A Chinese company on Monday signed a $1.5 billion agreement with Pakistan to set up a hydropower project in Pakistan-occupied Kashmir (PoK) under the China-Pakistan Economic Corridor (CPEC) project.
Prime Minister Imran Khan witnessed the signing of the agreement with China Gezhouba for the “Azad Pattan Hydropower Project” at a ceremony here.
The project is located in the Sadhanoti district of PoK on the Jhelum river and is expected to be completed by 2026.
The CPEC, which connects Gwadar Port in Balochistan with China’s Xinjiang province, is the flagship project of Chinese President Xi Jinping’s ambitious Belt and Road Initiative (BRI). Originally valued at $46 billion, the CPEC projects were worth $62 billion in 2017.
India has protested to China over the CPEC projects in PoK.
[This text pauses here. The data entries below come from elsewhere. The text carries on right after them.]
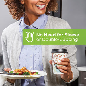Dixie® PerfecTouch® Insulated Paper Hot Coffee Cups are designed to help extend consumption time by keeping hot drinks warmer longer, helping improve overall product quality. The outer lining of these hot paper cups helps keep hands comfortable to the touch, eliminating the need for double-cupping or cup sleeves, which can help reduce waste and minimize overall cost. Insulated hot paper cups keep drinks hot and fingers cool. More hygienic because they are one-time use compared to permanent ware cups. Dual-purpose paper cups help with storage constraints and simplify ordering.
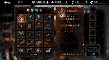 通过这个系统可以提升罪业装备的属性当罪业装备达到60级之后,便可以吞噬其他任意(非传说)橙色装备,来缓慢提升原始罪业装备的主属性。同时,若是吞噬相同部位的装备,还有几率将被吞噬装备的词缀吸收到原始装备上,使罪业装备有机会获得橙色词缀。
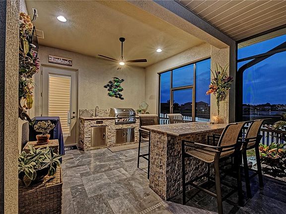 Come live the perfect Florida lifestyle. From the moment you pull up to this warm & welcoming home prepare to be amazed! With 2,782 sq.ft. of living space, 4 bed, 3 bath & 3-car garage on a large corner lot - enjoy the magnificent view of the private saltwater pool & lakes beyond. New paint in and out, the split floor plan offers privacy & space for family & visitors. Renovated and decorated with outstanding, custom features including engineered hardwood floors, Bahama shutters, chef's kitchen w/ wood cabinets, solid surface counters, gas cooktop, wine cooler, large breakfast nook, top of the line s/s appliances, custom wood built-ins closets throughout, custom light fixtures, ceiling fans & wine bar! Exterior upgrades include an extra large lanai area featuring an over-sized cage, remodeled outdoor kitchen and bar, salt water pool with great water feature, marble decking and a large covered sitting area, tile roof, professionally landscaping w/ great lighting & fenced yard! See the attached list & view the virtual tour / photo gallery to truly appreciate this amazing property! The popular community of Greyhawk Landing is gated & secured offering activities for all ages - enjoy the resort style community pools, with water park, clubhouse, fitness center, lighted tennis court, basketball courts, baseball & soccer fields, playground & miles of hiking & biking trails & fishing. Just a short drive to Lakewood Ranch, the Ellenton Outlet & UTC Malls & our world famous Gulf beaches.
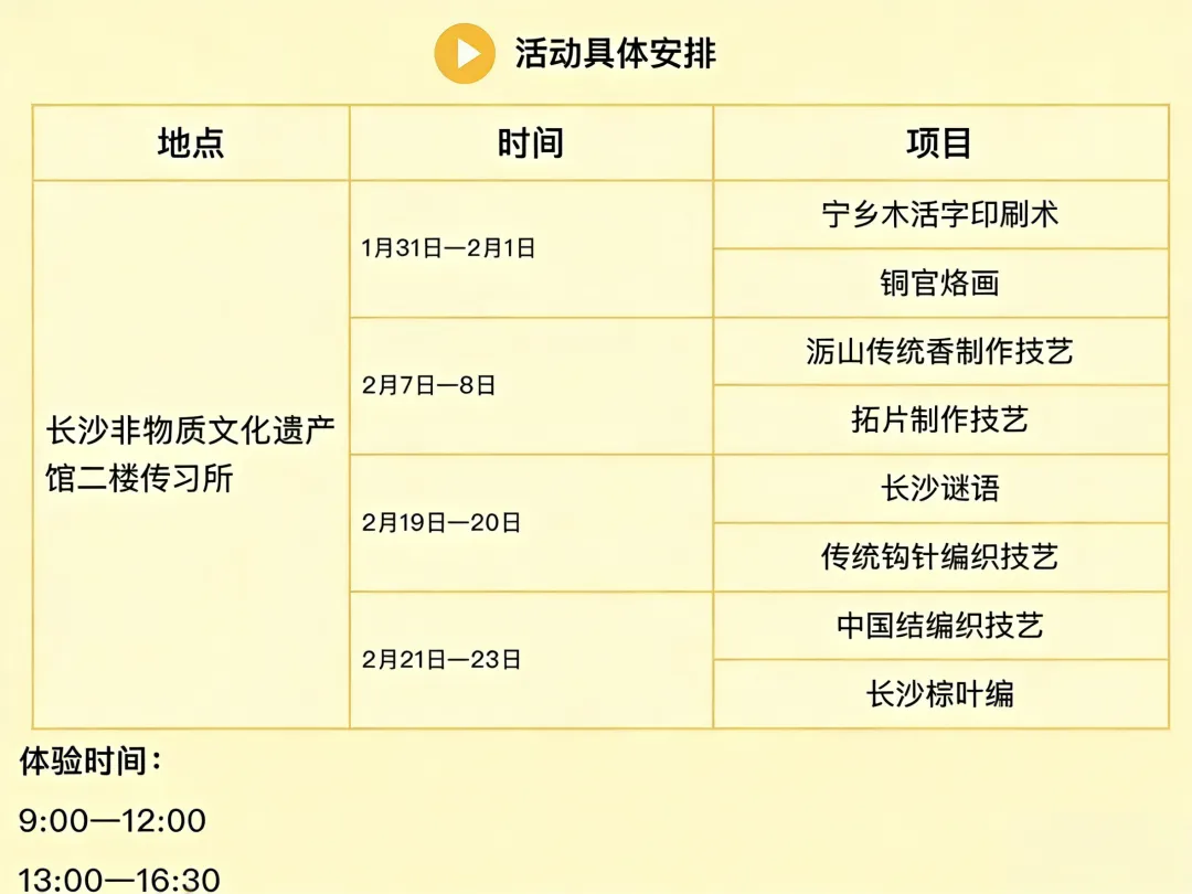 亮点:从农历腊月至正月,围绕春节民俗与生肖马元素,本周末邀请宁乡木活字印刷术、铜官烙画等非遗项目,推出互动性强、年味浓郁的非遗互动与体验。
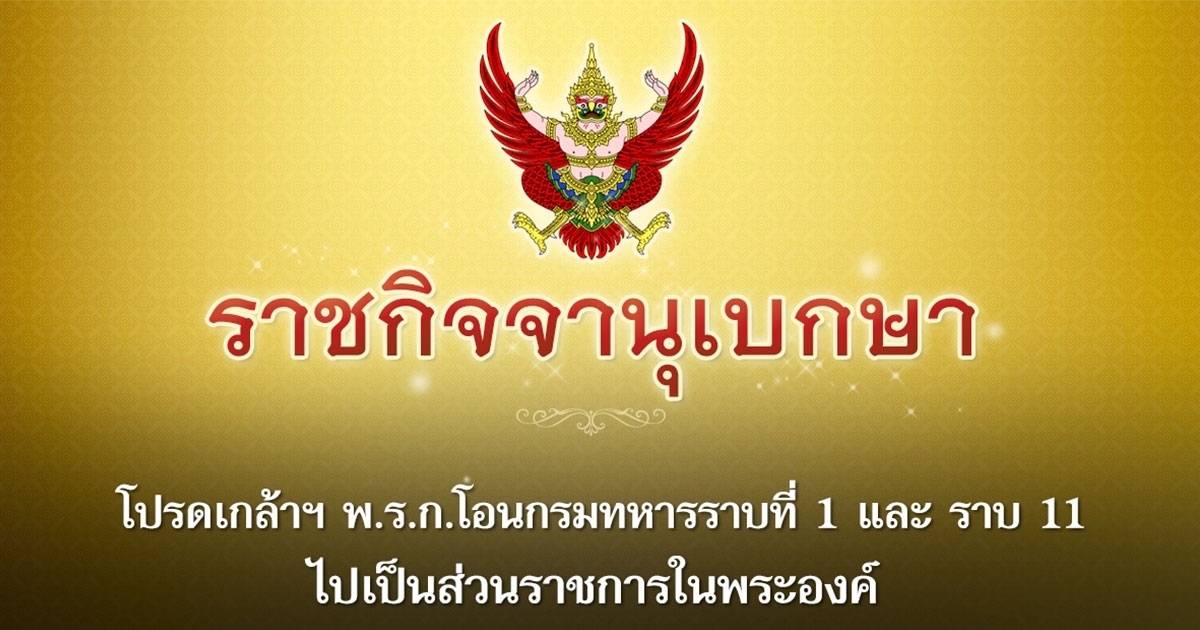 ราชกิจจานุเบกษา เผยแพร่ พระราชกำหนด โอนกรมทหารราบที่ 1 และ ราบ 11 ไปเป็นของหน่วยบัญชาการถวายความปลอดภัยรักษาพระองค์
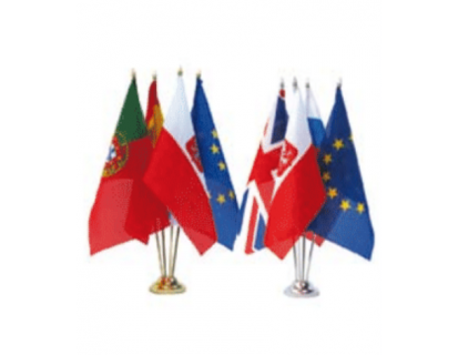 Négyágú, ezüstszínű asztali zászlótap protokollzászlókhoz

The ministry of external affairs earlier this year said it had communicated to Pakistan that the entire Jammu and Kashmir and Ladakh, including areas of Gilgit and Baltistan, are an integral part of India and that Islamabad should immediately vacate the areas that it had occupied illegally.
“A part of CPEC, with an investment of $1.5 Billion, 700.7 MW Azad Pattan will involve no fuel import, thus enabling the country to move towards cheaper & greener power while generating local job opportunities,” an official statement issued by the Pakistan government said.
Addressing the ceremony, Prime Minister Khan said the project was an investment and would not be a burden on the country. “We have learned a lot from the development of China, and the CPEC project will take Pakistan to the very top,” he said.
Khan said no attention was paid to cheap electricity in the past and the country paid a heavy price. The project is expected to create 3,000 jobs.
A Chinese official last month admitted that the majority of the BRI projects are either adversely or partially affected by the coronavirus pandemic.
About a fifth of the BRI projects, which aims to boost trade across Asia, Africa and Europe, had been “seriously affected” by the pandemic, according to Wang Xiaolong, director-general of the foreign ministry’s international economic affairs department. About 40 per cent of the projects had been “adversely affected”.